#### Exercise details:
Word for word, reproduce the records, keeping none of the pictures.

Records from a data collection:
[Start of Attachment]
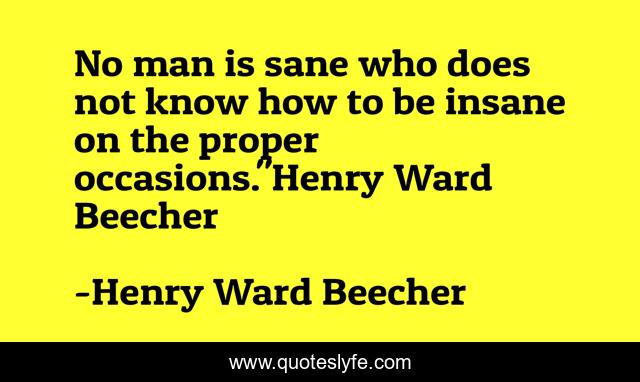 This page presents the quote "No man is sane who does not know how to be insane on the proper occasions."Henry Ward Beecher". Author of this quote is Henry Ward Beecher. This quote is about sanity, insanity,.
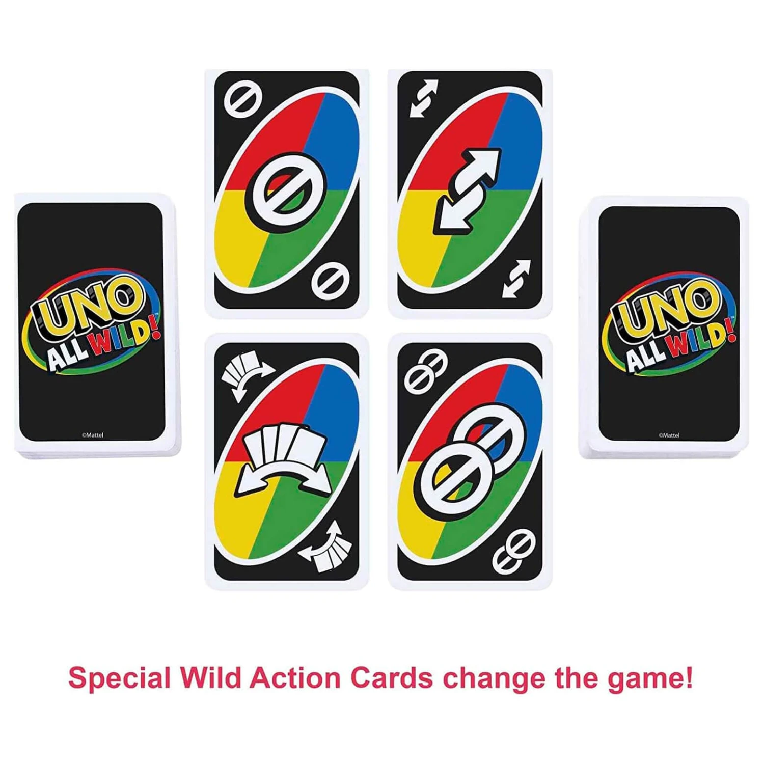 This variation of the fun family game of UNO might sound easy because every card is wild. Far from it. Special Action Cards can really change the game, so pay attention! Like always, when you’re down to your last card, you still must yell “UNO!”.
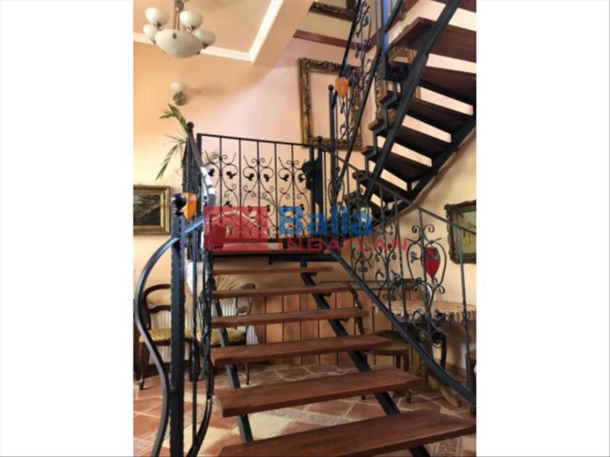 A földszinten egy előtérbe érkezünk, ahol egy csodálatos belső lépcső vezet az emeletre. a lépcső tölgyfából és kovácsoltvasból készült, ami ékessége az egész épületnek, csak úgy mint a korhű burkolatok, intarziás parketta, fa oszlopok. Minden a modern és a régi kor összhangjáról tanúskodik.
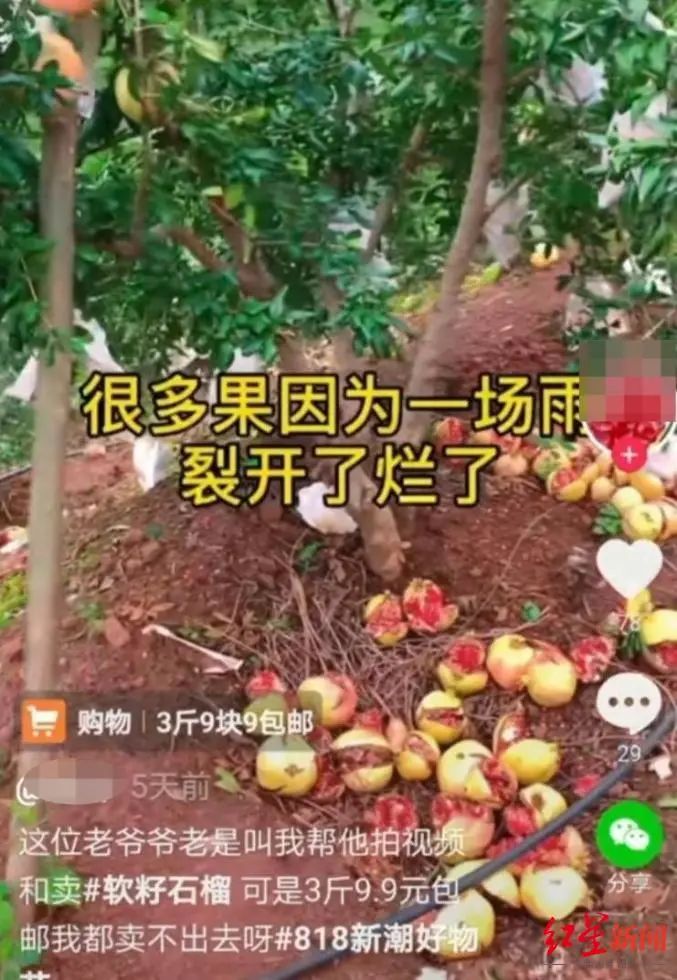 “几毛钱一斤都没人要。”今年8月,一些主播、网红在直播或者短视频中,声称会理石榴滞销、卖不出去。在一段短视频中,一名80多岁的老大爷头发花白,步履蹒跚地挑着两桶水,画面配文写道:“很多石榴都烂了,不如烂在地里当肥料了。”画面中,地上有一些裂开的石榴,同时配上了一段悲伤带着哭腔的声音。
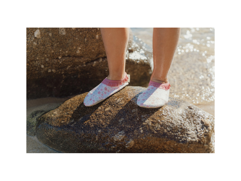 Topánky do vody z pružného materiálu s krásnou potlačou ochránia nožičky vášho dieťaťa pred horúcim plážovým pieskom aj pred pošmyknutím pri bazéne. Elastické prevedenie uľahčuje obúvanie aj vyzúvanie topánočiek.
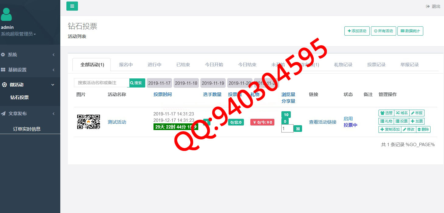 Thinkphp5投票系统微信扫码投票或者分享链接投票。后台自己添加活动看下效果,演示站用户ID是写死的,因为没有对接公众号。
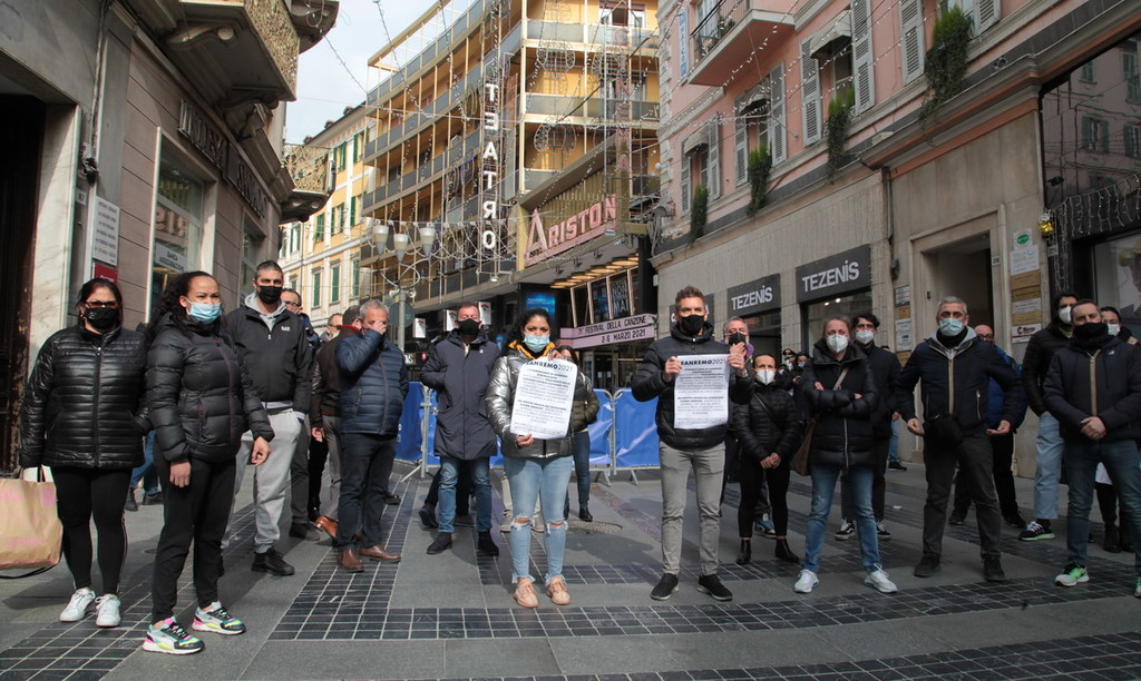 Improvvisa serrata di protesta dei bar intorno al Teatro Ariston di Sanremo. Per un giorno, i numerosi locali che si affacciano su piazza Colombo, via Matteotti, via Cavour, via Palazzo e via Gaudio hanno deciso di chiudere. Così è stato interrotto per protesta anche il servizio di asporto, unico autorizzato insieme al delivery alla sera.
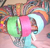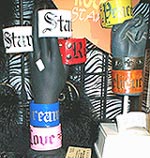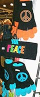 Groove Camp's peace sign hats, scarves and gloves. My 'word': Popular sayings, slogans, phrases, and inspirational messages were printed, engraved, beaded, stamped, and embroidered on every manner of accessory.
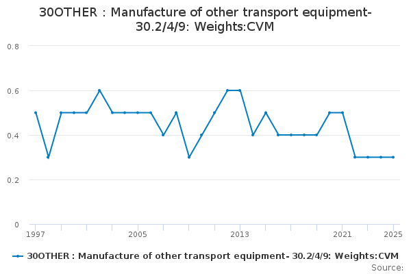 Download this time series30OTHER : Manufacture of other transport equipment- 30.2/4/9: Weights:CVM
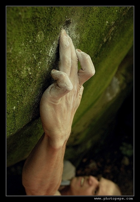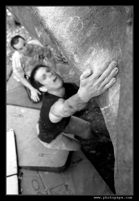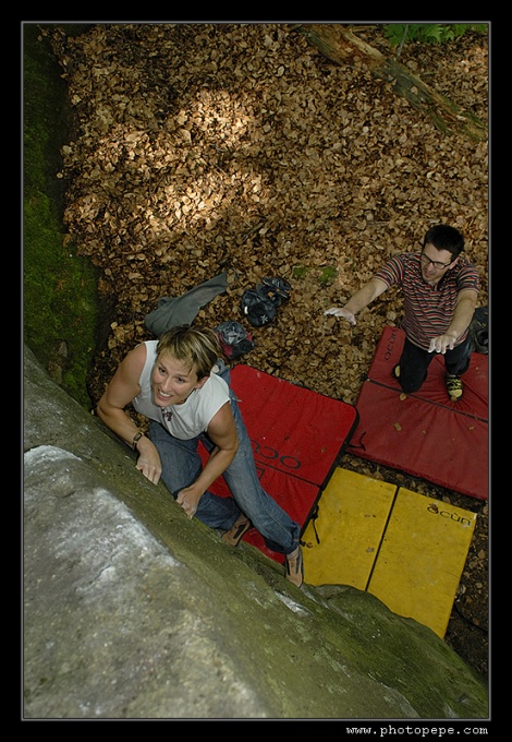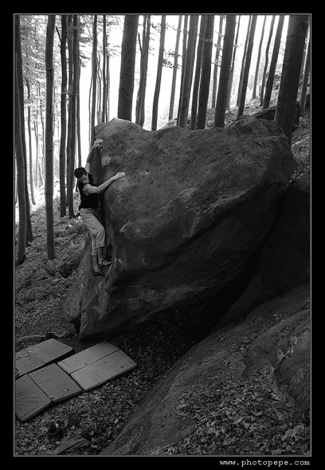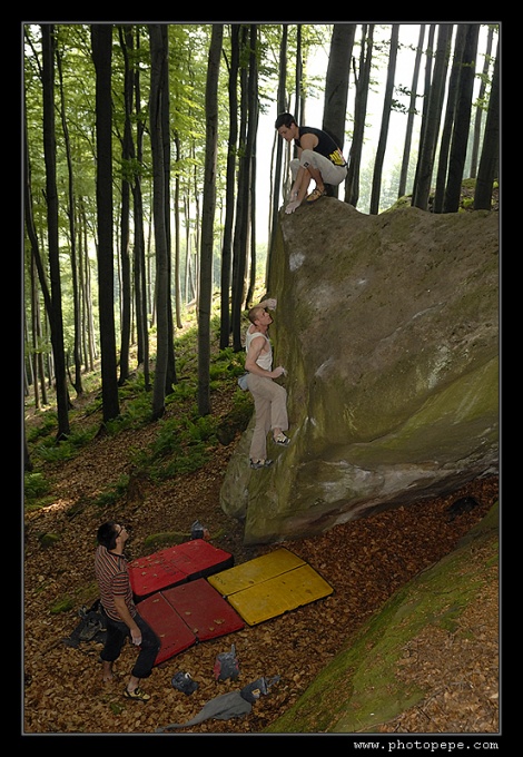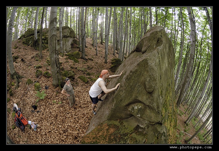 U kiosku se nakonec sjíždí čtyři auta, takže ještě nedávno silnou vrstvou mechu obrostlé pískovcové balvany čeká asi největší nájezd z řad kamenomilců. S patnácti minutovým prudkým kopcem se nejlépe pere nováček týmu, „Tlusťochova" půlroční Matylda, pro změnu z řad ježků, krys, vyder a neposledně klanu Border teriérů. Rozlézáme se v sektoru Havranka, kde i ten zdánlivě největší kvak skýtá pěkné „šukací" pohyby a padá i projektík Měkota v Penově podání. Holky brousí převážně plotny a Kača „Šindelka" demotivuje i část mužské sestavy, když rychle přelézá hezký problémek 100+1. Pupkatý dědek Pepe se ladně prochází ve všem (grrr!), takže snaha jej rychle nahnat do něčeho těžšího není náhodná.
[End of Attachment]
#### Worked solution:
 This page presents the quote "No man is sane who does not know how to be insane on the proper occasions."Henry Ward Beecher". Author of this quote is Henry Ward Beecher. This quote is about sanity, insanity,.
 This variation of the fun family game of UNO might sound easy because every card is wild. Far from it. Special Action Cards can really change the game, so pay attention! Like always, when you’re down to your last card, you still must yell “UNO!”.
 A földszinten egy előtérbe érkezünk, ahol egy csodálatos belső lépcső vezet az emeletre. a lépcső tölgyfából és kovácsoltvasból készült, ami ékessége az egész épületnek, csak úgy mint a korhű burkolatok, intarziás parketta, fa oszlopok. Minden a modern és a régi kor összhangjáról tanúskodik.
 “几毛钱一斤都没人要。”今年8月,一些主播、网红在直播或者短视频中,声称会理石榴滞销、卖不出去。在一段短视频中,一名80多岁的老大爷头发花白,步履蹒跚地挑着两桶水,画面配文写道:“很多石榴都烂了,不如烂在地里当肥料了。”画面中,地上有一些裂开的石榴,同时配上了一段悲伤带着哭腔的声音。
 Topánky do vody z pružného materiálu s krásnou potlačou ochránia nožičky vášho dieťaťa pred horúcim plážovým pieskom aj pred pošmyknutím pri bazéne. Elastické prevedenie uľahčuje obúvanie aj vyzúvanie topánočiek.
 Thinkphp5投票系统微信扫码投票或者分享链接投票。后台自己添加活动看下效果,演示站用户ID是写死的,因为没有对接公众号。
 Improvvisa serrata di protesta dei bar intorno al Teatro Ariston di Sanremo. Per un giorno, i numerosi locali che si affacciano su piazza Colombo, via Matteotti, via Cavour, via Palazzo e via Gaudio hanno deciso di chiudere. Così è stato interrotto per protesta anche il servizio di asporto, unico autorizzato insieme al delivery alla sera.
 Groove Camp's peace sign hats, scarves and gloves. My 'word': Popular sayings, slogans, phrases, and inspirational messages were printed, engraved, beaded, stamped, and embroidered on every manner of accessory.
 Download this time series30OTHER : Manufacture of other transport equipment- 30.2/4/9: Weights:CVM
 U kiosku se nakonec sjíždí čtyři auta, takže ještě nedávno silnou vrstvou mechu obrostlé pískovcové balvany čeká asi největší nájezd z řad kamenomilců. S patnácti minutovým prudkým kopcem se nejlépe pere nováček týmu, „Tlusťochova" půlroční Matylda, pro změnu z řad ježků, krys, vyder a neposledně klanu Border teriérů. Rozlézáme se v sektoru Havranka, kde i ten zdánlivě největší kvak skýtá pěkné „šukací" pohyby a padá i projektík Měkota v Penově podání. Holky brousí převážně plotny a Kača „Šindelka" demotivuje i část mužské sestavy, když rychle přelézá hezký problémek 100+1. Pupkatý dědek Pepe se ladně prochází ve všem (grrr!), takže snaha jej rychle nahnat do něčeho těžšího není náhodná.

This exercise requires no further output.